O Ministério Público do Piauí, por meio da 2ª Promotoria de Justiça de São João do Piauí, ingressou na manhã de quinta-feira  (9) com ação civil pública contra o ex-prefeito e ex-gestor do Fundo Municipal de Assistência Social (FMAS) de Pedro Laurentino, Hernande José de Sá Rodrigues, por irregularidades apontadas na prestação de contas de 2016 do município de Pedro Laurentino. As irregularidades foram encontradas por auditores do Tribunal de Contas do Estado (TCE-PI) e comunicadas ao MPPI.

Ex-prefeito de Pedro Laurentino, Hernande José de Sá Rodrigues está na mira do MPPI-Foto; Divulgação

Ao tomar conhecimento das informações, o promotor de Justiça Jorge Pessoa, autor da ação, instaurou um inquérito civil público.
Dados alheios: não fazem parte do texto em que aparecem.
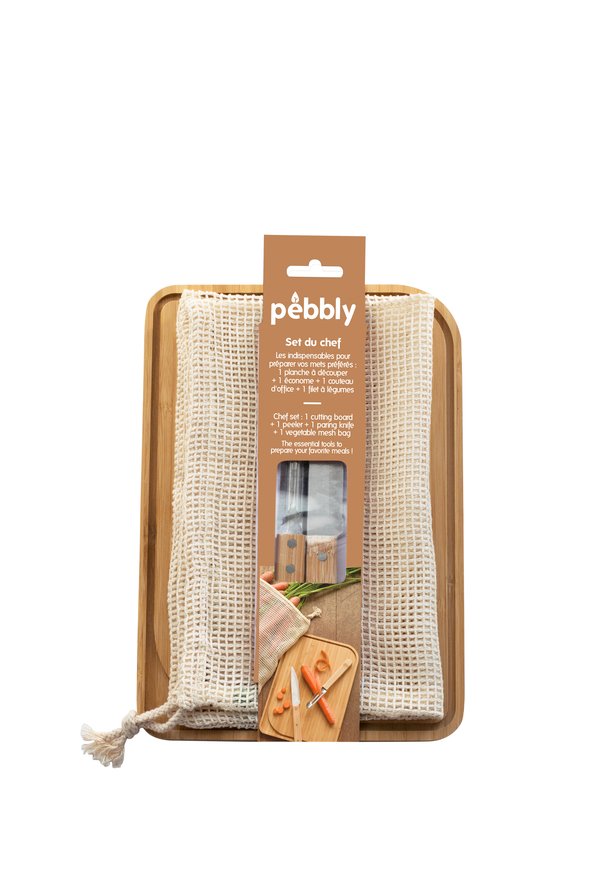 A well rounded kitchen kit begins with simple, dependable tools, and this Pebbly Chef Set gathers four of them in one place. The natural bamboo cutting board offers a sturdy surface with a channel that catches juices as you prep. A matching paring knife and peeler, both fitted with comfortable bamboo handles, make quick work of fruits and vegetables, whether you are trimming herbs, peeling apples, or prepping produce for the week.
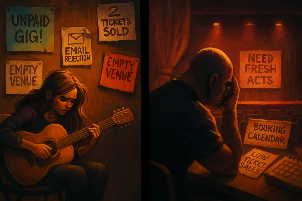 Over 90% of emerging artists struggle to secure live performances due to gatekeepers, lack of exposure, and complex booking processes. Meanwhile, 70% of small to mid-sized venues report difficulty sourcing fresh, high-quality talent that fits their audience.
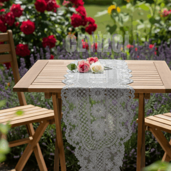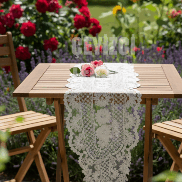 Fransız Dantel Detaylı Tek Runner, Masa Üzerine Runner, Masa Örtüsü Runneri

Durante a condução do procedimento, o representante do Ministério Público constatou que o ex-gestor realizou diversas contratações de trabalhadores temporários, sem concurso público, sem justificativa e sem demonstrar a necessidade de urgência da admissão desses profissionais, para atuarem na pasta da assistência social do município; conduta que caracteriza ato de improbidade administrativa. Dentre as contratações efetuadas, o promotor de Justiça cita o exemplo de três assistentes sociais e uma psicóloga admitidas e que foram pagas por meio de notas de empenho.

O ex-gestor do Fundo de Assistência Social de Pedro Laurentino, em defesa realizada junto ao TCE-PI, declarou que a contratação das profissionais teve relevância social no atendimento de pessoas carentes do município. No entanto, não foram promovidas em conformidade com as leis.

O município de Pedro Laurentino desembolsou naquele ano mais de R$ 160 mil reais para pagar pessoas físicas contratadas para prestar serviços ao Fundo Municipal de Assistência Social.

Por conta dessas irregularidades nas contratações, o Ministério Público ingressou com ação civil pública por ato de improbidade administrativa pedindo a condenação do ex-prefeito e ex-gestor do FMAS de Pedro Laurentino às sanções do artigo 12, inciso III, da Lei Federal nº 8.429/92, a Lei de Improbidade Administrativa.

Entre as punições previstas na lei estão o ressarcimento integral do dano, se houver; a perda da função pública; a suspensão dos direitos políticos; o pagamento de multa e outras.